We could be together again.
“So you don’t know who my father is,” Saint clarified. “It could be Ralph still.”
Freddie nodded slowly. “It could. But it could just as easily be me, St. Sebastian, and if it’s okay with you, I would like to know. I don’t know how many wrongs I can make right at this stage, but I want the number to be more than nought.”
Saint didn’t have to think long. He didn’t know Freddie well, and he didn’t know how much he needed a father at age twenty-five anyway. But he did need answers. He did want the truth.
Especially if the truth would bring him home to Auden.
“Yes,” Saint told Freddie. “That’s okay with me.”

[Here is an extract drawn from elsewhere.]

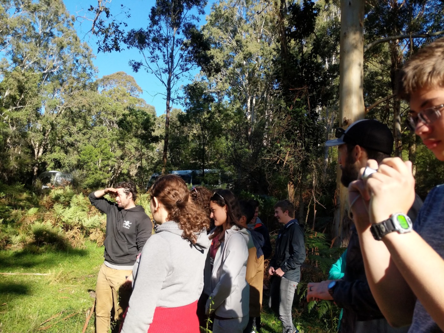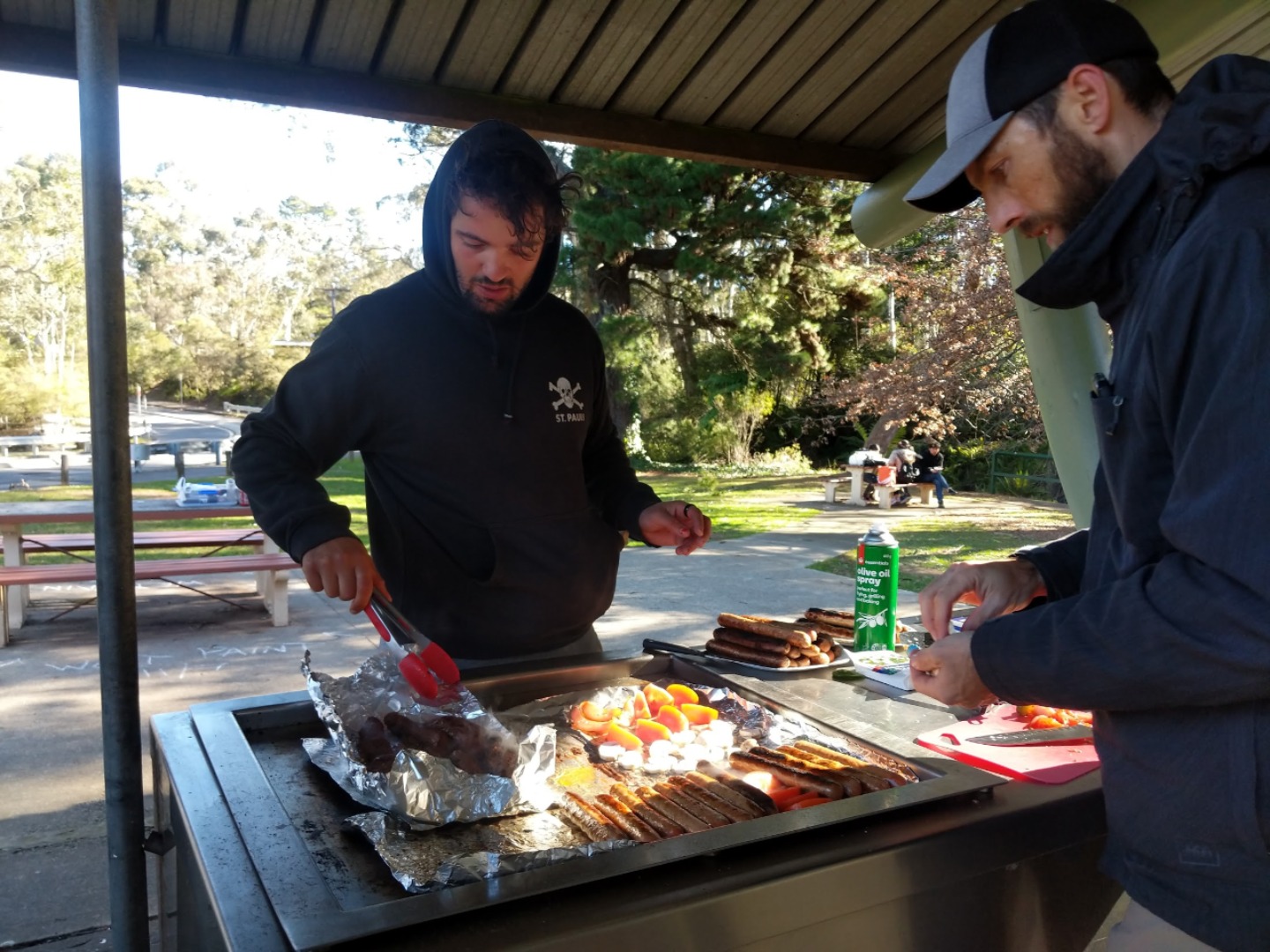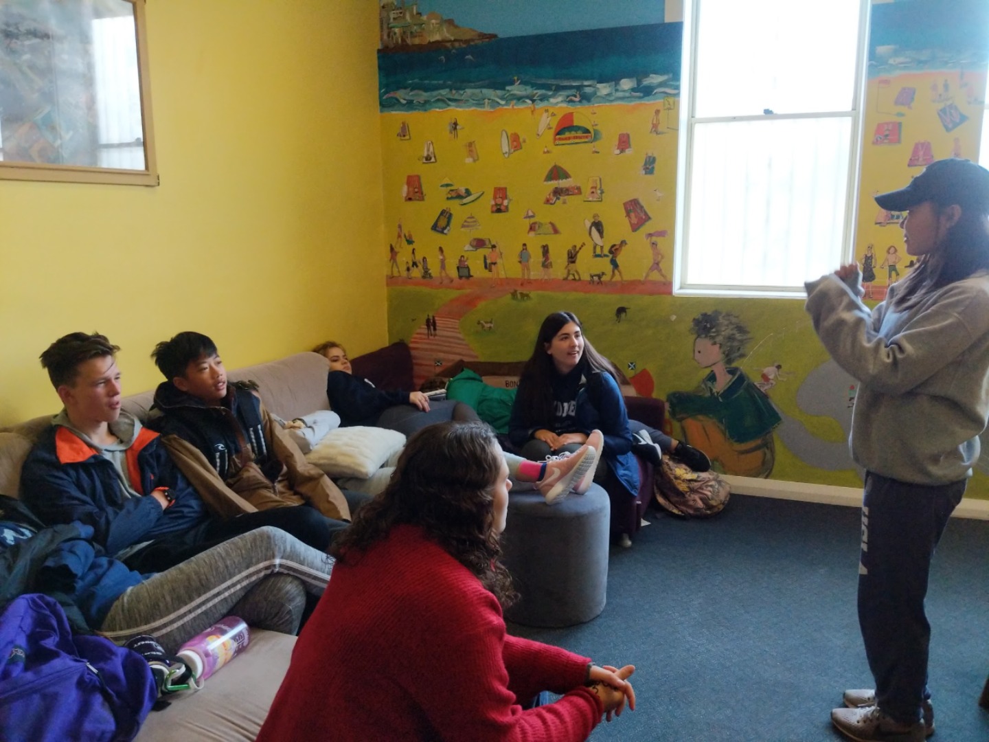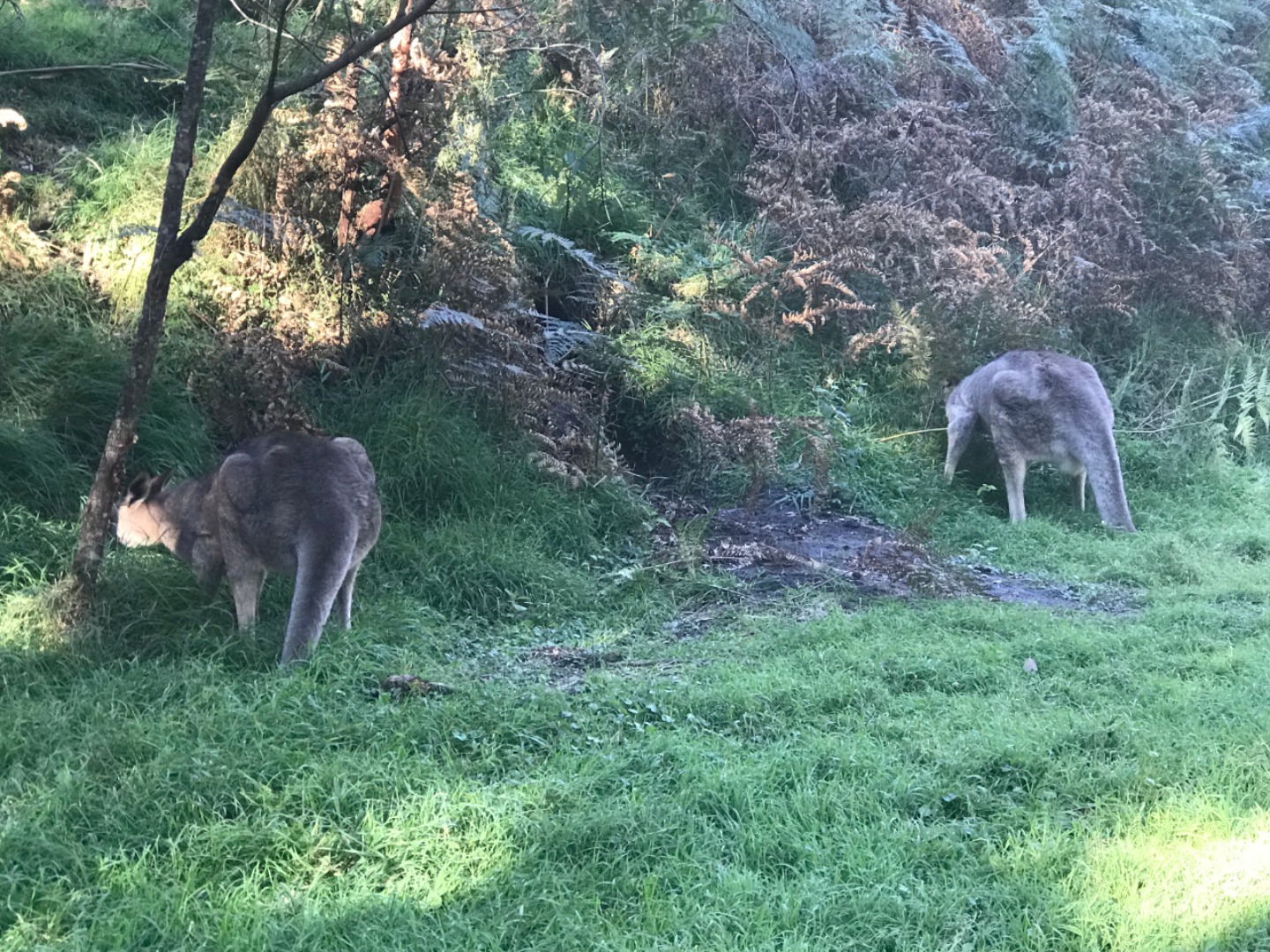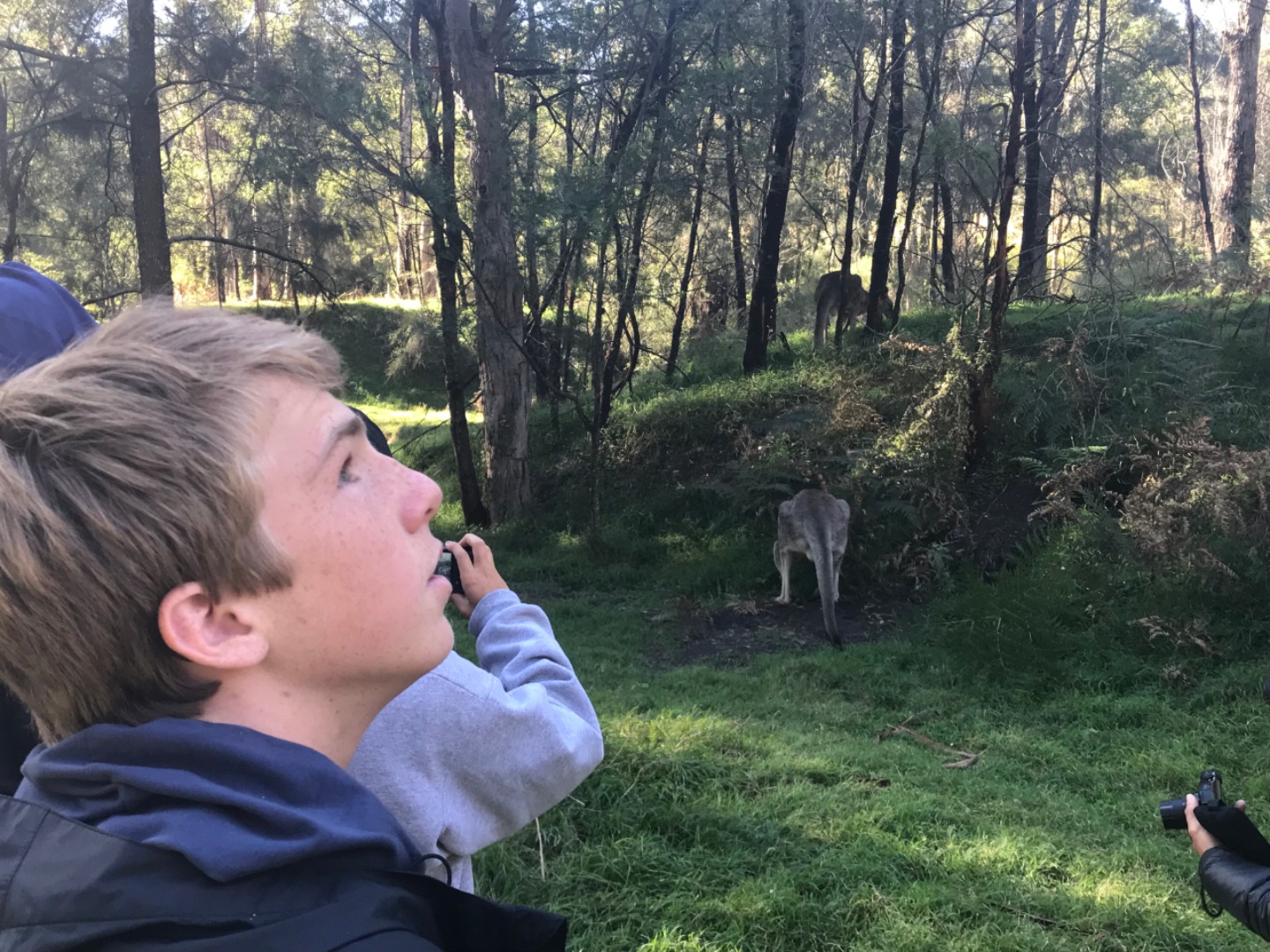 Our day started with a 7:30am pick up in a very Australian themed bus named Trudy. After riding for over an hour, we arrived in the Blue Mountain National Park. Our guide, Trent, spotted 2 kangaroos munching on some grass and we pulled over to take some photos before they bounced away. Before going on a hike, we went to get drinks and snacks at a local cafe. After the refilling, we embarked on our first hike through the Blue Mountains and across a waterfall. With lots of ladder-like stairs and muddy puddles ahead we could only hope for the best. In only a few short minutes we began to see that the hike was paying off. The water from the waterfall was showering the floor as we looked over the mountainous terrain. Even though some thought it was difficult, no one regretted the experience. Taking photos and viewing other geographical formations like the Three Sisters made us hungry so we set up in a park to eat lunch and had ourselves a proper Aussie barbecue. We tried kangaroo meat (which was delicious) and enjoyed the presence of five cockatiels and a pair of kookaburras during lunch. With full stomachs, we headed back towards our Bondi Beach hostel. On the way back we picked up Thai food and some fish and chips for dinner. Today was one that I will never forget as we got to enjoy new and exciting experiences.

And so a week later, as Saint sits in his cramped, sub-let flat in Bristol swabbing his cheek, he wonders if the possibility is enough. The mere possibility that he might not be Ralph’s son, that he is Delphine’s brother and not Auden’s. Does he really have to wait for proof to see Auden’s face again? He should—he should wait—but he can’t. He can’t. He finishes the swab, he packages it and drops it in the post where it will be mailed off to the paternity testing company, and then even though it’s already evening, he gets in his car and braves the fading light in order to find his way home.
Rebecca
On the night she saw the wren, it didn’t take Auden and Poe long to understand that something was wrong, deeply wrong with the door. She told them about the spread of the roses, she told them about the bird, she showed them the roselle and the violet crusty with dried blood.
She’d changed her mind about it, she explained as Poe bent over her leg in the kitchen and dabbed antiseptic on her thorn-bitten legs, as Auden stared at her with serious eyes and a grimly set mouth. It wasn’t safe, she told them.
It took him a moment to speak after she finished, but finally he nodded.
“We should close it,” he said.
“Thank you,” she replied, the relief of being believed almost as heady as the relief of knowing she’d have help.
Poe smoothed a bandage over Rebecca’s leg and looked at Auden. “I thought you wanted to leave the door alone?”
Auden ran his hand over his face. “I’ve already tried closing it before now.”
Poe stared at him in shock. “What do you mean?”
“Before you came back. I tried lighting fires. Singing. Dancing. The first time I saw it was Beltane, so I thought maybe . . . I don’t know, that there was a connection. But none of that worked, so I thought the next best thing was merely leaving it alone.”
Auden met his submissive’s eyes with a gaze both imperial and apologetic. “What Rebecca saw was specific to her and Delphine. I can’t risk—I won’t risk the people I love being hurt by this. We find a way to close it and stop whatever it’s doing. I’m sorry, but that’s my final decision.”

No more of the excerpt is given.